Monday, 4 March 2019
Areas Adjacent to the Forum (Scripps Seaside Forum)
H. Kim, D. Kim, and J. H. Ryu (Korea Polytechnic University)
Rechargeable magnesium batteries have the advantages of low cost and high theoretical capacity without dendrite formation. However, the Mg batteries have critical problem of sluggish kinetic by the slow solid-state diffusion of highly polarizing divalent Mg-ions in most intercalation hosts. This problem can be overcome by hybrid batteries combining a Mg-metal negative electrode and fast lithium intercalation hosts when the Li+ ions are used with Mg2+ ions. Although two kinds of cations exist in the electrolyte, the Li ions can be easily intercalated into the host positive electrode materials and the Mg ion can be electroplated and stripped at the negative electrode because of its relatively higher standard reduction potential. However, the Mg metal electrode still have problem of the formation of the blocking layer between the magnesium metal surface and electrolyte. In case of using the Mg(TFSI)2 and glyme-based electrolyte, the huge overpotential occurs in the Mg stripping reaction during discharging process. We found that the electrolyte additives containing the halogen anion such as Cl- and Br- reduced the overpotential of the Mg stripping reaction.

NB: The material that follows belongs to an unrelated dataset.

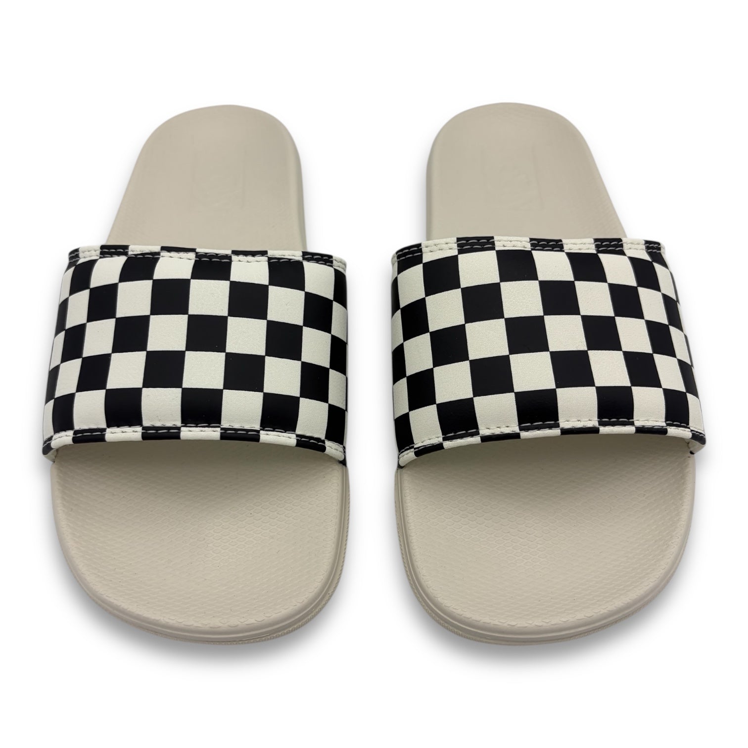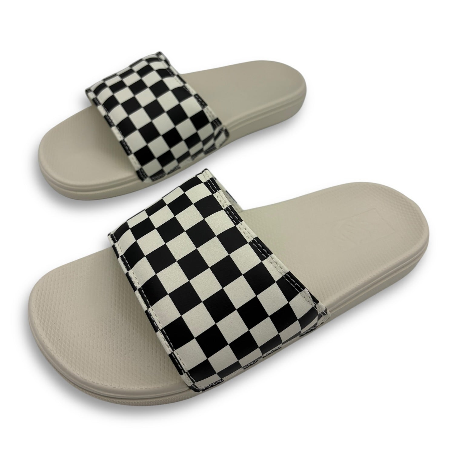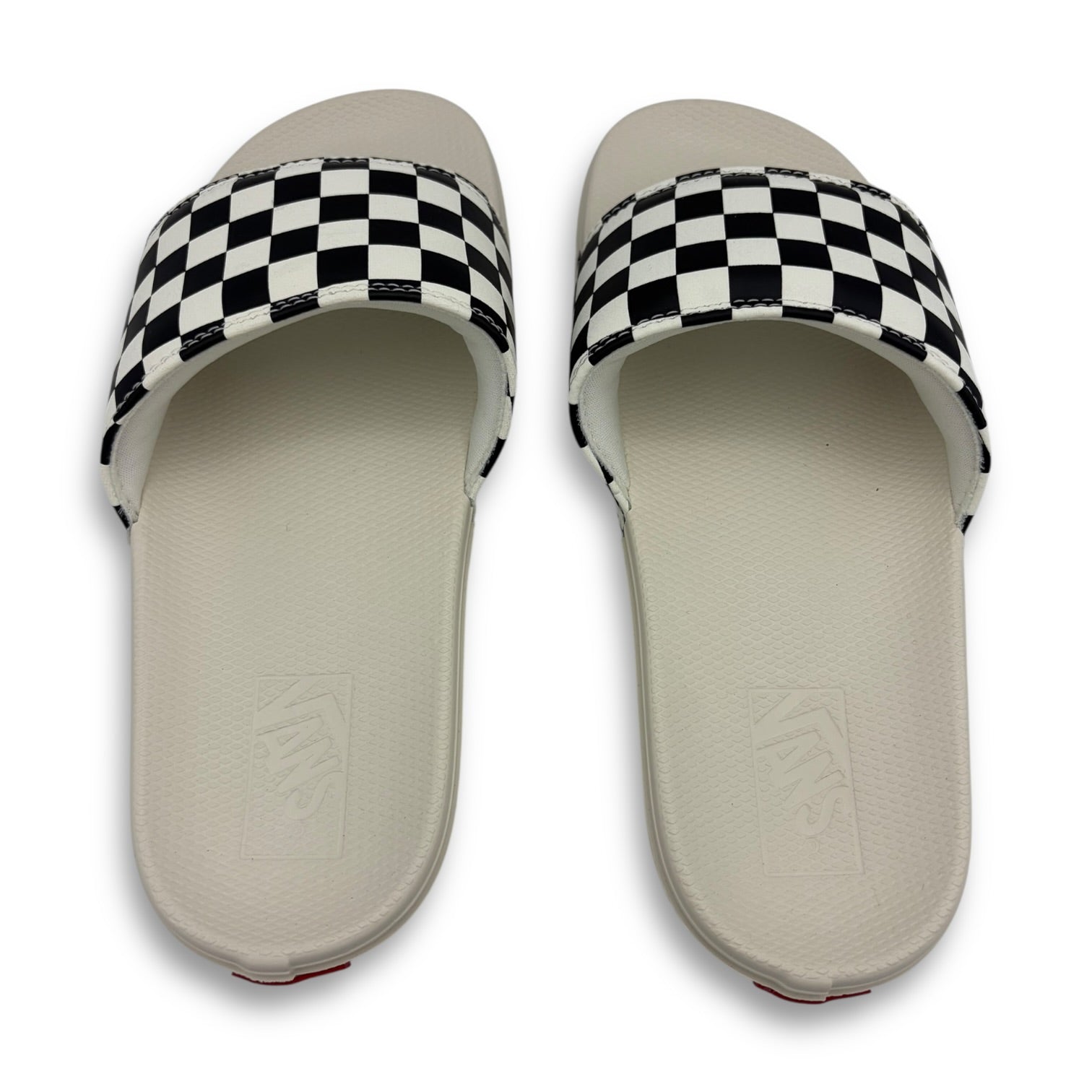 From the tonal checkerboard print on the straps to the iconic red heel scab, this sandal has an unmistakable Vans aesthetic.

The Li4Ti5O12 (LTO) and mechanically polished Mg disk were used the electrode materials and the 1.50 M LiTFSI and 0.15 M Mg(TFSI)2 in glyme:diglyme=1:1 solution (standard electrolyte) was used as dual salt electrolyte. This cell showed a negative discharging voltage (about -1.0 V) due to the huge Mg stripping overpotential while the charging reaction occurs at 0.8 V. After the addition of 0.1 M LiCl, 0.1 M LiBr, or 0.5 M MgCl2, the discharging voltage increased to +0.5 V from the 2nd cycle after activation process during 1st cycle while the charging voltage was almost close to the halogen-free electrolyte. In spite of the increase of the halogen anion concentration, the further improvement was not detected.

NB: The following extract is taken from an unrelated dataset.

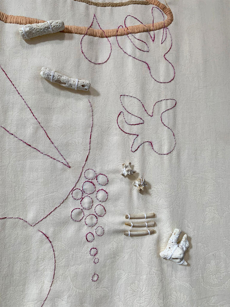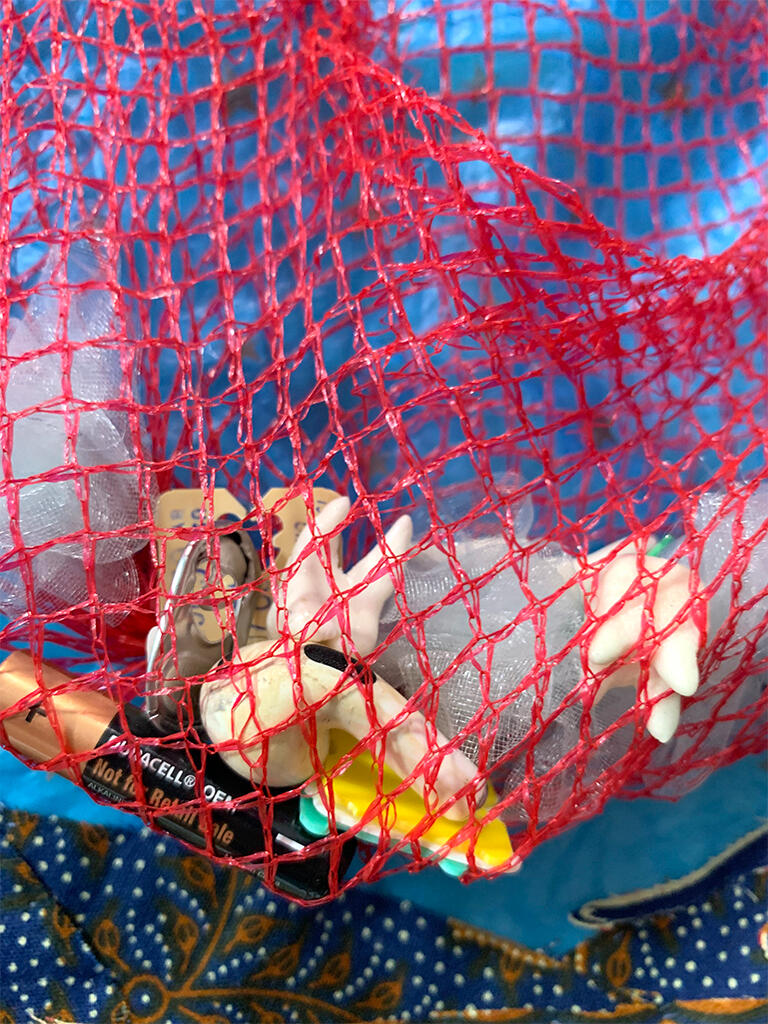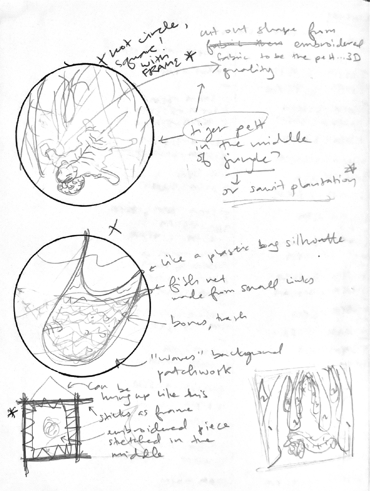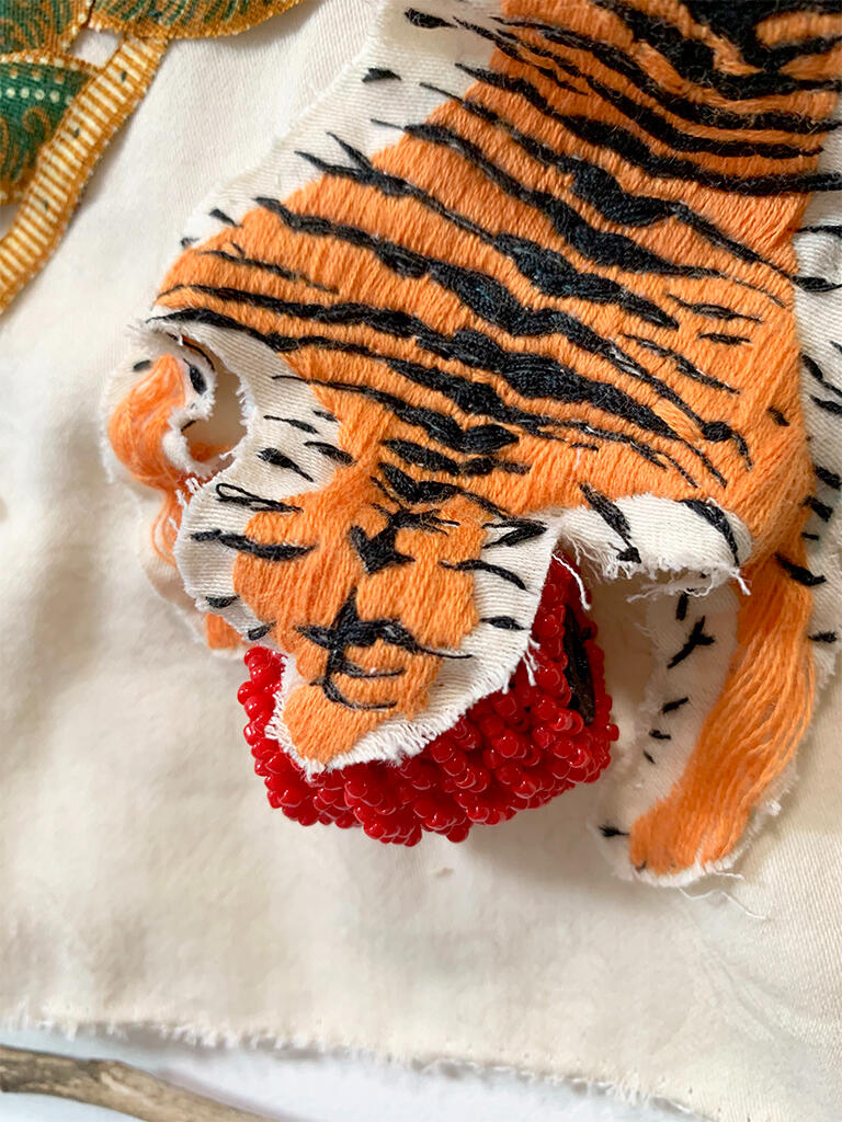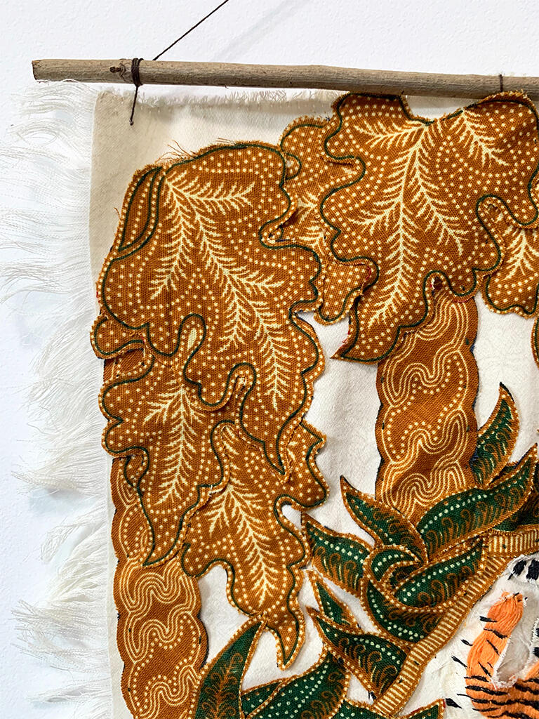 These two pieces were made to complement each other, hence their names: Tanah & Air. I’ve had this image of a tiger pelt in an oil palm plantation—a visual analogy to habitat loss and animal extinction due to deforestation—in my head for a long time, but I was unsure how to execute it. In the end I decided on this mixture of embroidery, appliqué, and assemblage, but using elements that we as Malaysians are more familiar with. The oil palm trees and leaves are made from cut out batik motifs, the oil palm cluster is represented by a kabo bead, a significant culture identifier for the Orang Ulu community. The contrast between the dark subject matter and the bright, almost innocent way it’s portrayed is something that I enjoyed playing with. It reflects that certain blithe ignorance we all face when speaking about the impacts of deforestation or pollution.Air was made using similar methods to Tanah, but with more recycled and repurposed materials: the fishing net is old fruit packaging, the catch of the day being various bits of debris and trash I’ve collected. The composition brings to mind illustrated children’s storybooks, which begs the question: in a hundred years from now, what kind of stories will we be telling our kids about the Earth, the environment, and our role in preserving—or destroying—it? Will these vignettes be our reality one day? Or will they remain cautionary tales?

When the HMDS (hexamethyldisilazane) was added to the electrolyte with the LiCl, the overpotential of Mg stripping reaction was sharply decreased from the first cycle without activation process. But the overpotential did not decrease in case of the HMDS addition to the standard electrolyte composition (halogen-free).

Therefore, the Mg/LTO hybrid cell with dual salt electrolyte containing halogen anion and HMDS showed good electrochemical performances with low polarization from the initial cycle.